Yup. Getting up on heels should not be huge goal for you. It don't mean shit. For me, it takes a huge effort to do it on a flat run. I can do it, but why bother so much easier just to roll over and get up on toes. It is much easier to do it on a steep run, like getting out of a chair. If you are determined to figure this out, do what speedjason says. Kick heels into snow, push off left hand while grabbing board between feet with right hand.

But if you learn to strap-in standing and rarely wipeout you won't need to get up on heelside. This is where I'm at now.

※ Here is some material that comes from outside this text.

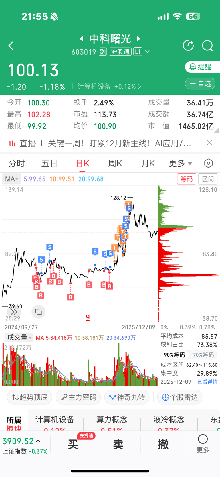 $中科曙光(SH603019)$ 118一键清仓懊恼了几天,但是之后几天总感觉不对劲,一直没入手,想想现在看来,几千亿的公司也玩过家家

I don't think it is a fitness thing. I think it is something that is easy for small people and harder for big people. Also harder for older people, I'm both big and old so fuck that shit.


----------



## neni

Lol, guess I'm back in the "struggle to get up heelside" boat :laugh:. I _really_ had hard times to get up out of pow on a flat spot with the new AT boots (and backpack). Those hard shells don't allow any rotate-knee inward to produce momentum to get up. Had to roll over on the belly to get up as well... :embarrased1:


----------



## Fire Rose

Something finally clicked awhile ago when we had a powder day. I still can't get up heelside if it's flat or icy but it's nice not to have to roll over all the time when I fall. I've noticed if I put more of my weight over my right leg I can usually get up a little easier.


----------